Temporal Activity vs LocalActivity behavior on Workflow replay

Hi temporal team,

Would love to understand how activity and local-activity replays work on workflow re-execution.
Let us assume the following workflow execution sequence for the same workflow.

WE1 - Workflow Execution 1
WE2 - Workflow Execution 2
LA1, LA2 - Local Activities
A1, A2 - Activities
S, F - Success, Failure

Activity

Let us assume the following sequence with A3 failing because it reached maxActivityRetry attempts.
WE1 - A1 (S) → A2 (S) → A3 (F)

Local Activity

Let us assume the following sequence with LA3 failing because it reached maxActivityRetry attempts.
WE3 - LA1 (S) → LA2 (S) → LA3 (F).

Questions

  1. In WE2 [Retry of WE1], I am assuming only LA3 would get re-executed. Is my assumption correct ? So the sequence would be

WE2 → A1 [No Op] → A2 [No Op] → A3 [Retry]

  1. In WE4 [Retry of WE3], I am assuming only LA3 would get re-executed. Is my assumption correct ?
    WE4 → LA1 [No Op] → LA2 [No Op] → LA3 [Retry]

  2. The event log in temporal UI shows different date/time stamps for A1 [Original execution] and A1 [No-op]. Is that intended ?

  3. Would the same behavior apply for activities run in parallel as well ?
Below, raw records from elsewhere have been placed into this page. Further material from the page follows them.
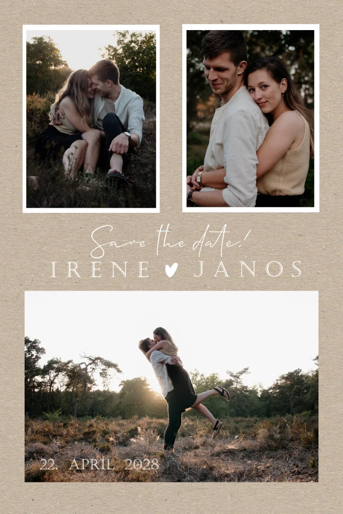 Der Termin für eure Hochzeit steht? Herzlichen Glückwunsch! Damit auch alle eure lieben Freunde und Verwandten an eurem großen Tag teilhaben können, solltet ihr so früh wie möglich Save-the-Date Karten versenden. Das kann ruhig ein Jahr oder noch länger vor der Hochzeit sein! Foto: @amarifilmsMelde dich für unseren Newsletter an und profitiere von exklusiven Angeboten, kreativen Ideen und Neuigkeiten aus unserer Produktwelt. Als Dankeschön für deine Anmeldung schenken wir dir einen kostenlosen Probedruck deiner Karte.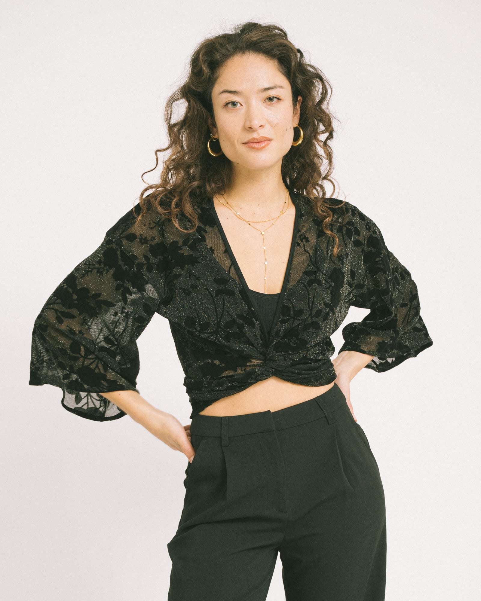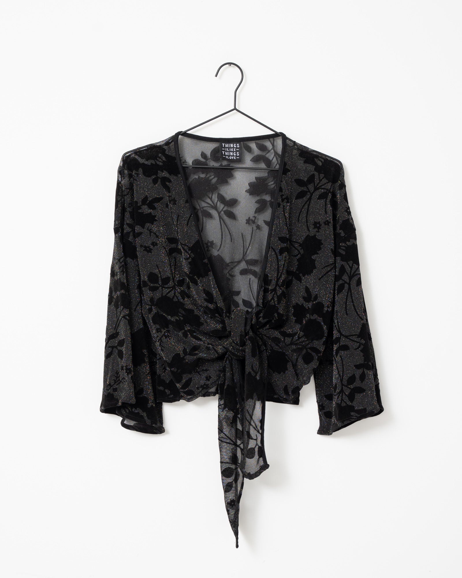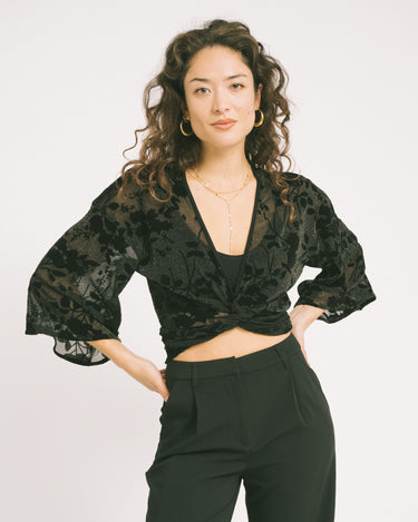 Dieses Wickeloberteil aus glitzerndem Samt hat verspielte, ausgestellte Ärmel. Es lässt sich auf zwei Arten tragen: vorne binden für eine kürzere, verspielte Passform oder hinten für einen etwas dezenteren Look.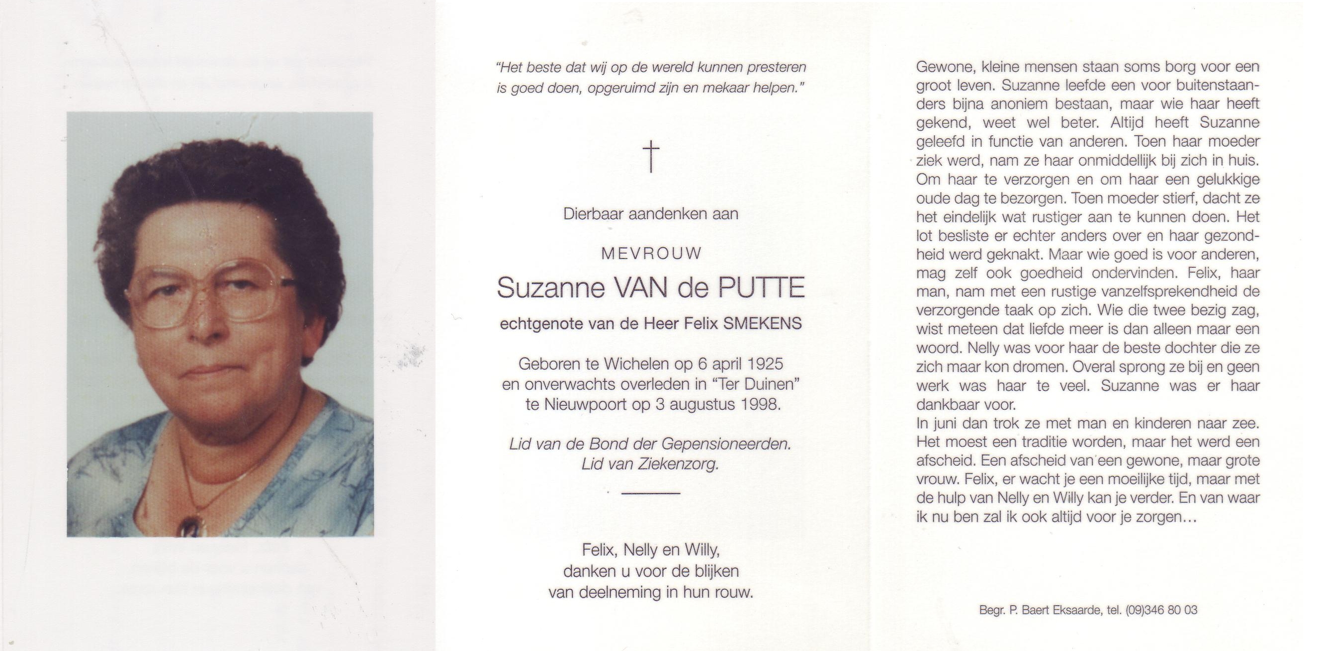 Susanne Dominica Van de PutteLeeftijd: 73 jaar1925–1998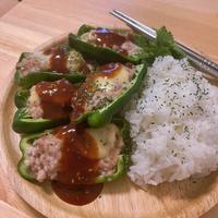 ピーマンの肉詰め食べたくなったから作ってみた。これからはチーズをかけて食べることにしよう。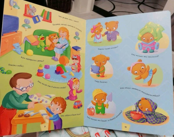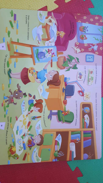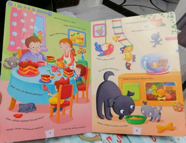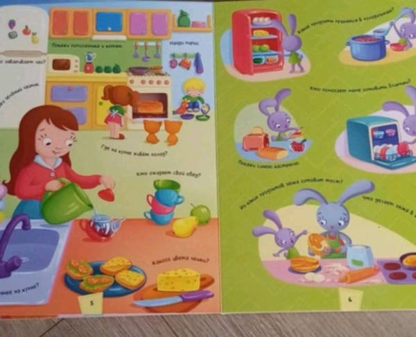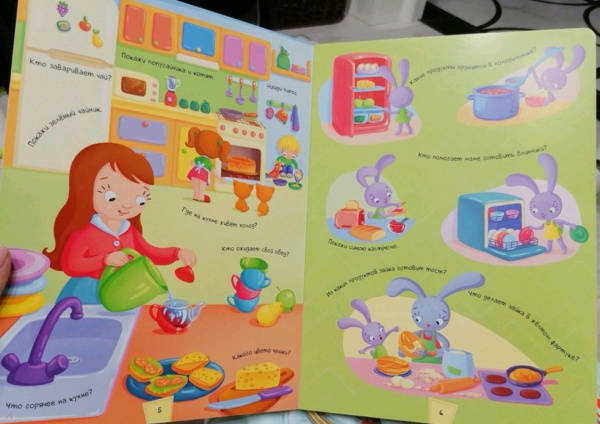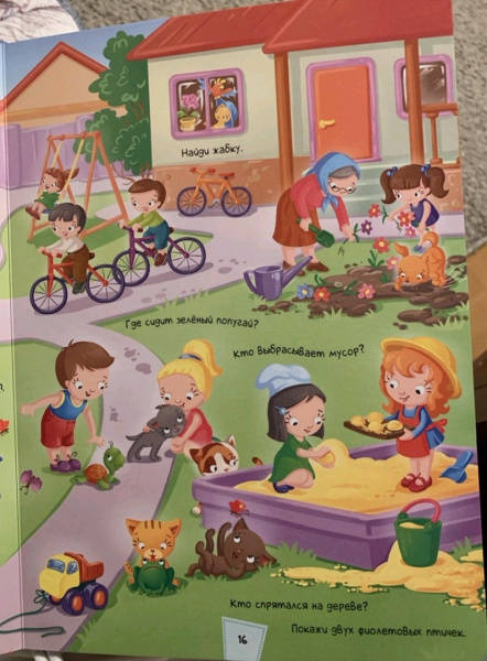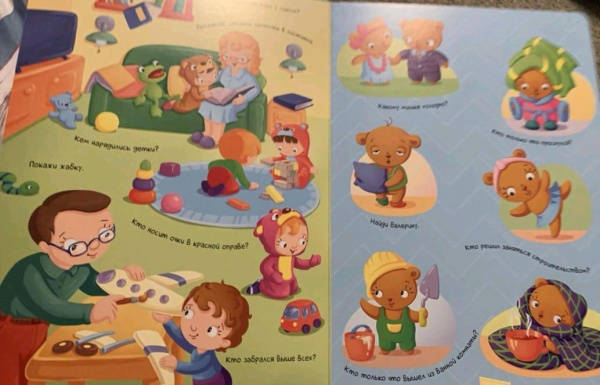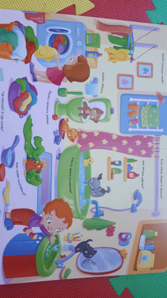 ОписаниеЛистая книжку, малыш заглянет в комнаты домов, рассмотрит, чем занимаются хозяева. Ребёнок ознакомится с разной мебелью, одеждой, едой, бытовой техникой и многим другим. Он сможет угадывать названия комнат, давать имена жильцам и домашним животным.А также придумывать о них истории. Забавный виммельбух - это яркие предметы, разнообразные ситуации; а ещё интересные вопросы, которые помогут потренировать внимательность и узнать что-то новое.Листая книжку, малыш заглянет в комнаты домов, рассмотрит, чем занимаются хозяева. Ребёнок ознакомится с разной мебелью, одеждой, едой, бытовой техникой и многим другим. Он сможет угадывать названия комнат, давать имена жильцам и домашним животным.А также придумывать о них истории. Забавный виммельбух - это яркие предметы, разнообразные ситуации; а ещё интересные вопросы, которые помогут потренировать внимательность и узнать что-то новое.

Workflow retry, which is reexecuting workflow from the beginning, is entirely unrelated to workflow replay, which is used to recover a workflow to its current state.

Why are you even talking about workflow retry? We don’t recommend retrying workflows in the 99% of use cases. That’s why workflows don’t have retry options by default as opposed to activities that have them.

@maxim : Apologies for the mixing the terminology up. In case of maximumAttempts being exceeded on an activity, would the workflow be replayed ?

No. It will fail. Why do you want to set maxAttempts?

Got it. I want to use maxAttempts to retry after a few minutes in case of transient failures. I was originally thinking of using the workflow retry to retry after a few minutes.

Here is my scenario

  1. There are 1000 items inside a batch that I need to process. Each batch would start as a workflow and the items would be processed inside a function. These call an internal system with low latency (~100ms) to process the item.
  2. There is no guarantee that these 1000 inside a batch that would succeed - as there might be transient issues.
  3. I would like to reprocess only the failed items after a few minutes - as these are transient errors.

There are two options that I can choose from.

  1. Using Regular activities -
    - This causes heavy load on the system. So we want to avoid them if local activities work.
  2. Using Local activities
    - I would love to understand the behavior better before using them. In case of local activities, how do I make sure 1) All items are processed successfully and reliably. 2) Successful items are not processed again ?

Thanks again !
Kumar

Is processing of an item idempotent? In some failure cases all local activities are reexecuted, even the completed ones.